- _WHAT IS BEING ASKED_: Restate, exactly as written, the entries below from the line that holds "今日は、ナマケモノ、おふとん" through the line that holds "材質:棉聚酯春季限定款款棉+聚酯布料兩側打摺設計+腰身車線超修飾比例 更顯瘦整排包釦超有質感 真釦方便好穿脫". Pictures are not part of the copy.

- _THE DATA_:
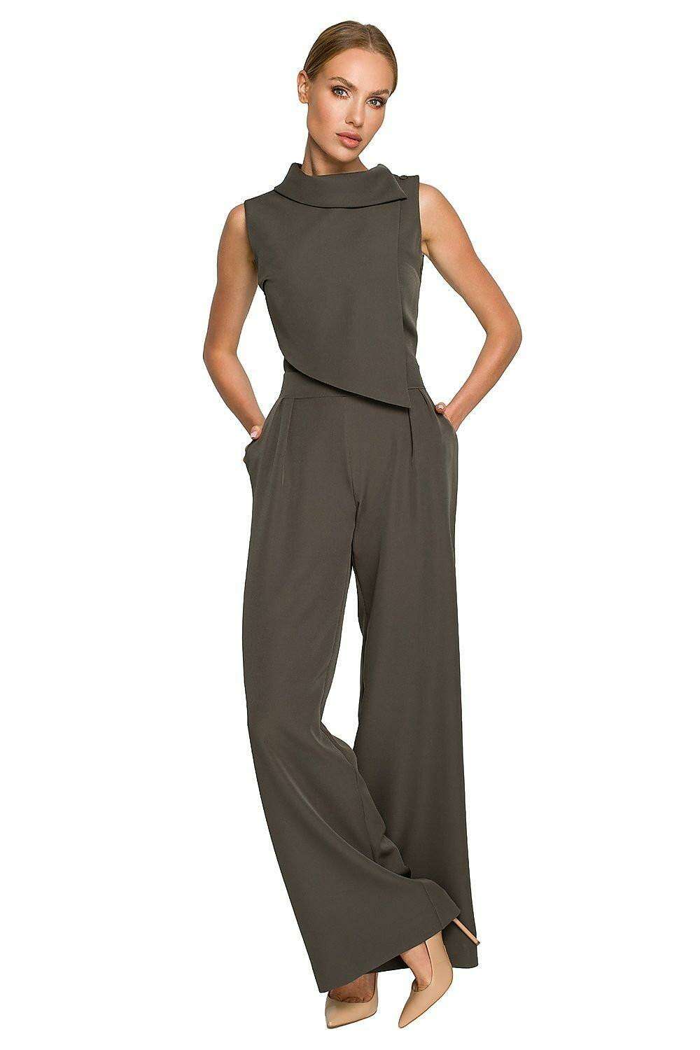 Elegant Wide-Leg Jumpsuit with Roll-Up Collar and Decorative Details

...

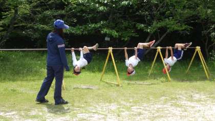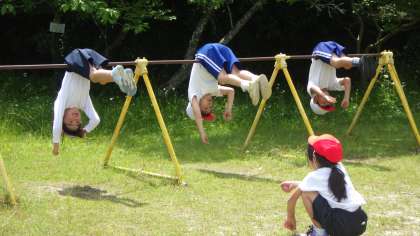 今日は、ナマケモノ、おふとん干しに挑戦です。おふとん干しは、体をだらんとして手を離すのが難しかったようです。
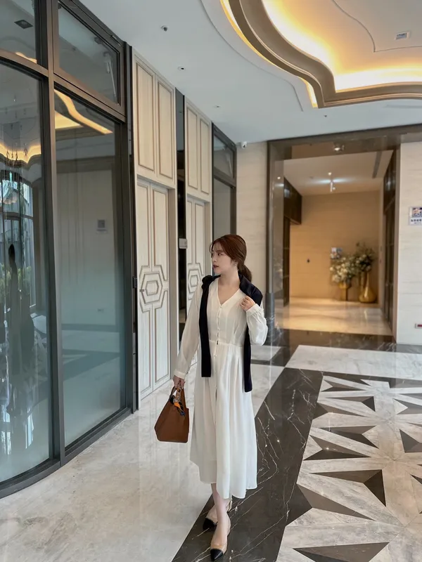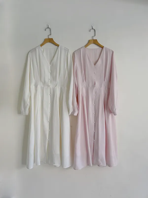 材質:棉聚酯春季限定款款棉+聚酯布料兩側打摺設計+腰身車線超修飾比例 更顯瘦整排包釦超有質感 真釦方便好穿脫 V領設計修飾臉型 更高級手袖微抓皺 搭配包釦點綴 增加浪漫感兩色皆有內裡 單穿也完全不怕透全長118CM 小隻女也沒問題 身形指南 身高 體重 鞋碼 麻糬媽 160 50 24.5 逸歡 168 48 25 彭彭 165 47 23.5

- _SOLUTION FOR THIS EXERCISE_:
 今日は、ナマケモノ、おふとん干しに挑戦です。おふとん干しは、体をだらんとして手を離すのが難しかったようです。
 材質:棉聚酯春季限定款款棉+聚酯布料兩側打摺設計+腰身車線超修飾比例 更顯瘦整排包釦超有質感 真釦方便好穿脫 V領設計修飾臉型 更高級手袖微抓皺 搭配包釦點綴 增加浪漫感兩色皆有內裡 單穿也完全不怕透全長118CM 小隻女也沒問題 身形指南 身高 體重 鞋碼 麻糬媽 160 50 24.5 逸歡 168 48 25 彭彭 165 47 23.5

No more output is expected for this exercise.